● Exercise data:
□ □ □

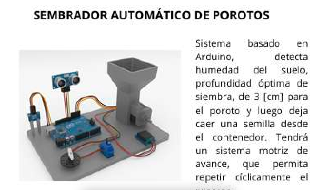 Sistema Arduino, basado en detectar la humedad del suelo, la profundidad óptima de siembra, de $3 \text{ cm}$ para el poroto, y luego deja caer una semilla desde el contenedor. Tendrá un sistema motriz de avance, que permita repetir cíclicamente el proceso.
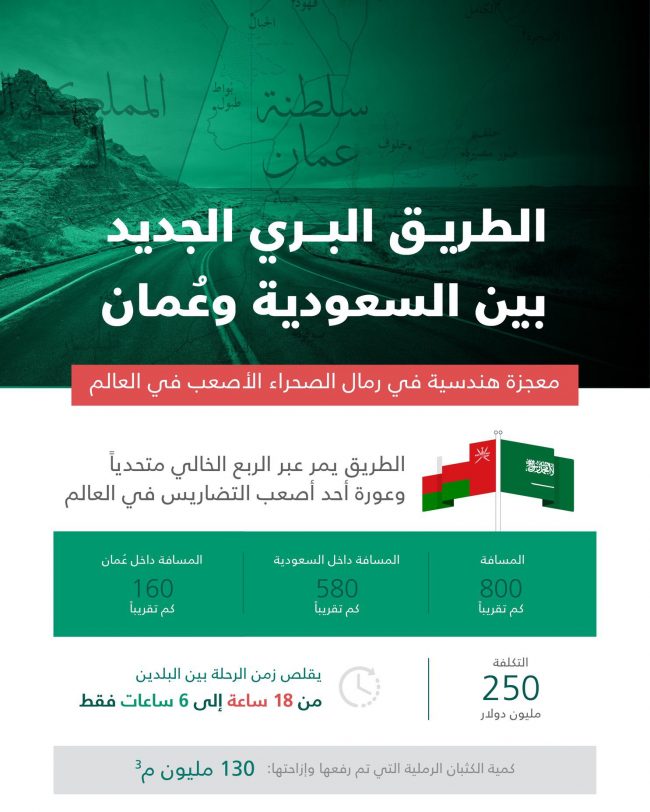 تستعد سلطنة عمان لفتح طريق بطول 680 كلم يربطها بالمملكة العربية السعودية، وهو الطريق الذي يختصر اكثر من 800 كلم من المسافة. وأشارت صحيفة ” تايمز أوف عمان ” إلى أنه يتم العمل بجهود كبيرة لفتح الطريق الذي يمر عبر اكبرغ صحراء في العالم تربطها بالسعودية، حيث تمت إزالة أكثر من 130 مليون متر مكعب…
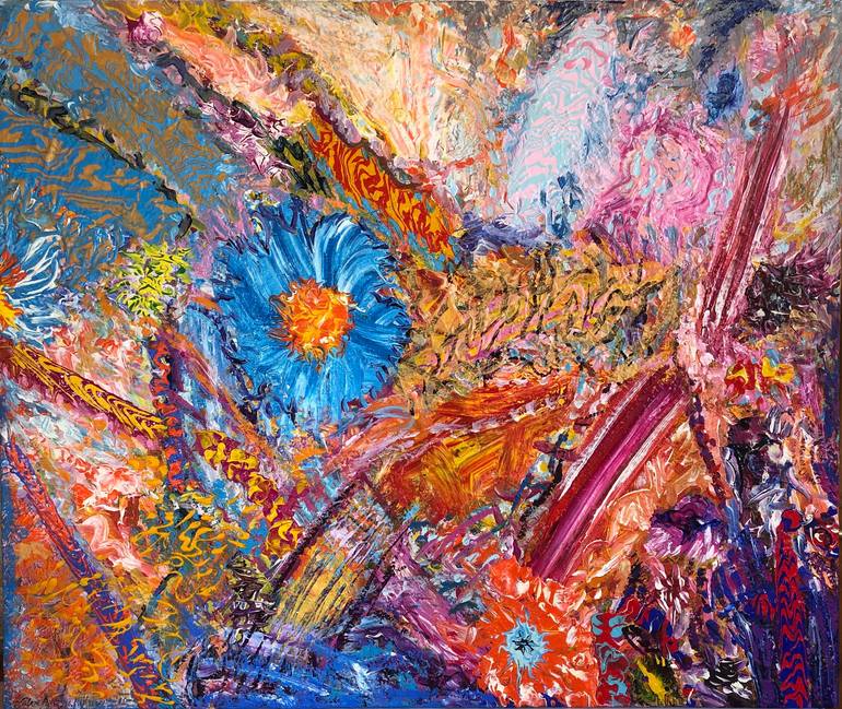 This oil painting took several years to complete; the result is a highly textured surface (see detailed photos). Inspiration comes as it often does from visits to garden centers, especially those that stock the more exotic plants with their complicated forms and ravishing colors. This painting also ...

□ □ □

The answer must be the exact lines from the line with "تستعد سلطنة عمان" to the final line of the data, both ends included, with no pictures.

● Solution to this task:
 تستعد سلطنة عمان لفتح طريق بطول 680 كلم يربطها بالمملكة العربية السعودية، وهو الطريق الذي يختصر اكثر من 800 كلم من المسافة. وأشارت صحيفة ” تايمز أوف عمان ” إلى أنه يتم العمل بجهود كبيرة لفتح الطريق الذي يمر عبر اكبرغ صحراء في العالم تربطها بالسعودية، حيث تمت إزالة أكثر من 130 مليون متر مكعب…
 This oil painting took several years to complete; the result is a highly textured surface (see detailed photos). Inspiration comes as it often does from visits to garden centers, especially those that stock the more exotic plants with their complicated forms and ravishing colors. This painting also ...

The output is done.